10 – Local node observed error as third-party.
11 – Generic
- Encoding of Timeout (T) sub-field:
0 – Request did not timeout.
1 – Request did timeout.
- Encoding of Memory/IO (II) sub-field:
00 – Memory access
01 – Reserved
10 – I/O
11 – Other
Model-specific error codes in the bank status (MCi_STATUS) and miscellaneous (MCi_MISC) registers
The machine-check architecture allows for bits or groups of bits within the bank status (MCi_STATUS) and miscellaneous (MCi_MISC) registers to take on additional meaning based on the processor model and the bank number. Listing the field meanings for all processor families is outside the scope of this article.
To interpret the additional contents of the bank status (MCi_STATUS) and miscellaneous (MCi_MISC) registers, review the documentation for the specific processor model. For more information, see the vendor documentation listed in the Additional Information section of this article or contact the hardware vendor.
- Information reported by the machine-check architecture provides aid in troubleshooting a hardware issue. However, the information available from the MCA error code may be insufficient to root-cause the issue. If more information is required, refer to the processor documentation from the manufacturer.

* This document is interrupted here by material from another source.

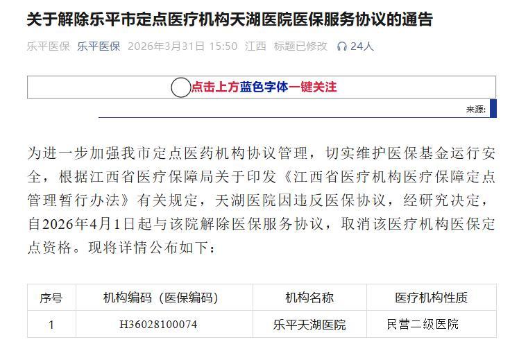 2026年4月1日,當西方的愚人節玩笑還在網絡上流傳時,江西樂平的醫療圈卻迎來了一場真實的“寒冬”。一家運營十一載、曾被譽爲當地醫療重要補充的二級甲等綜合醫院——天湖醫院,在這一天按下了“停止鍵”。一紙冰冷的通知,宣告了全體職工勞動合同的解除,數百名醫護人員一夜之間失去了奮鬥的戰場。這並非節日的惡作劇,而是一場因醫保紅線引發的生存危機。

- Information reported by the machine-check architecture should be considered in context of other errors when attempting to determine a pattern of outages.
- If the machine-check architecture reports invalid information, but an MCE has occurred, this is still reflective of a hardware fault.
- Providing the full machine-check architecture register contents to the hardware vendor may assist their investigation into the cause of the hardware fault.